Aspect	Dynamic Array Stack	Comment
Push (avg)	O(1)	Amortized constant time
Push (worst)	O(n)	When resizing occurs
Pop	O(1)	Always
Memory efficiency	Medium	May over-allocate
Reference stability	Poor	Resizing invalidates references
Memory layout	Contiguous	May cause fragmentation issues
Ease of implementation	Easy	Simple and cache-friendly

Linked list is one of the best ways to implement stack
However the author shows that if one compares a dynamic array implementation of stack and compare it with the linked list implementation, it turns out that the former is much faster
- While the worst-case running time for push and pop is linear, their amortized running time is as good as linked lists.
- Python provides an optimized, extremely efficient implementation for list.
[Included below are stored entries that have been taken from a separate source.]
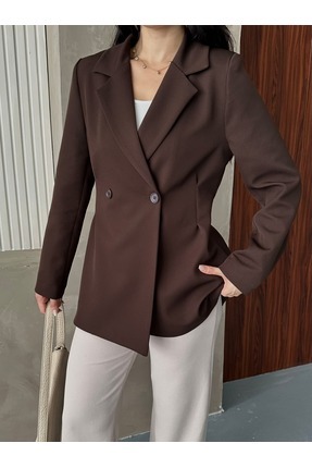 HOEK Kadın Kahverengi Blazer Ceket Palazzo Pantolon Takım Elbise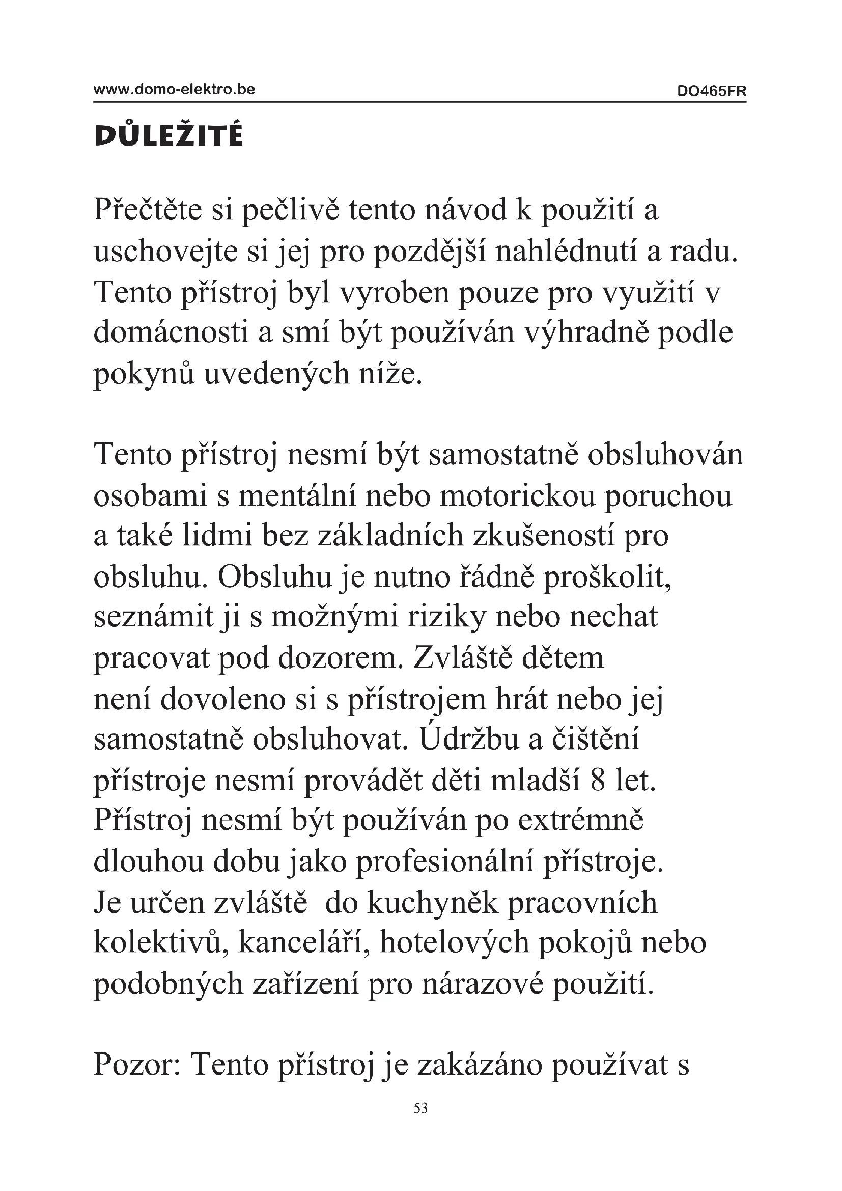 Tento prístroj nesmí byt samostatné obsluhován osobami s mentalní nebo motorickou poruchou a také lidmi bez základnich zkušenosti pro obsluhu. Obluhu je nutno rǎdně proškolit, seznámit ji s možnými rizíky nebo nechat pracovat pod dozorem. Zvlástě dětem není dovoleno si s prístrojem hrát nebo jej samostatné obsluhovat. Udržbu a Čištěné prístroje nesmí provadět déti mladů 8 let. Prístroj nesmí byt používan po extrémné dlouhou dobu jako profesonálné prístroje. Je určen zvlástě do kuchyněk pracovních kolektivů, kanceláří, hotelovych pokojů nebo podobněch zařizení pro nárazové použití.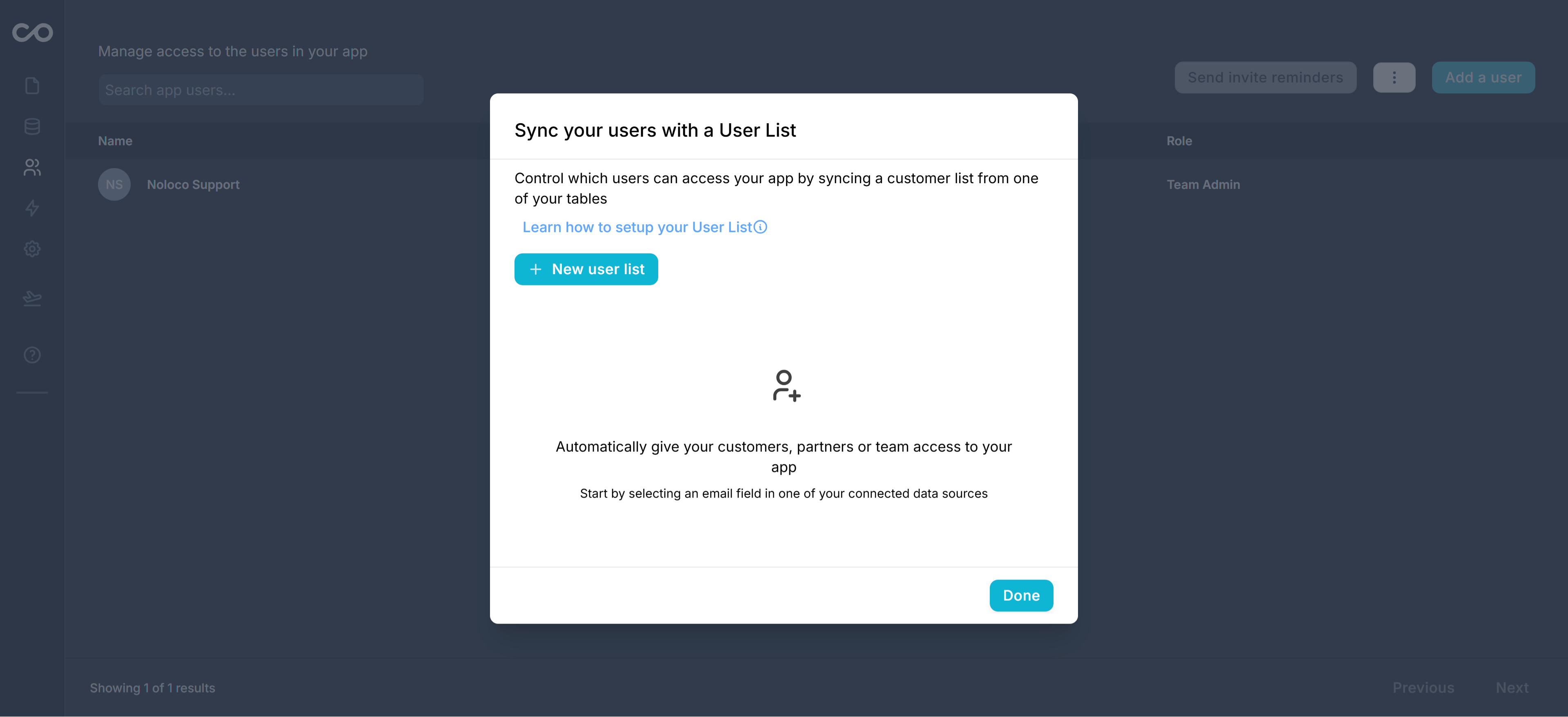 If you already have an Airtable, SmartSuite, or HubSpot table, Google Sheet, or a Postgres/MySQL database with your users' information (first name, last name, email, etc.) and want to continue using this table as the source of truth for your users, you can use our User Lists feature to sync your user data to your Noloco Users table and allow those users to log in to your app.

This code is usually written in C and compiled for use in Python to make sure it’s as efficient as possible
Applications of Stack
- Call stack
- Evaluating expressions in postfix notation
- Undo/redo functionality in an IDE

Quick Primer on cProfile and pstats in Python

What is cProfile

A deterministic profiler built into Python’s standard library.
It measures how much time your program spends in each function and how many times each function is called.
Useful for identifying performance bottlenecks and slow functions.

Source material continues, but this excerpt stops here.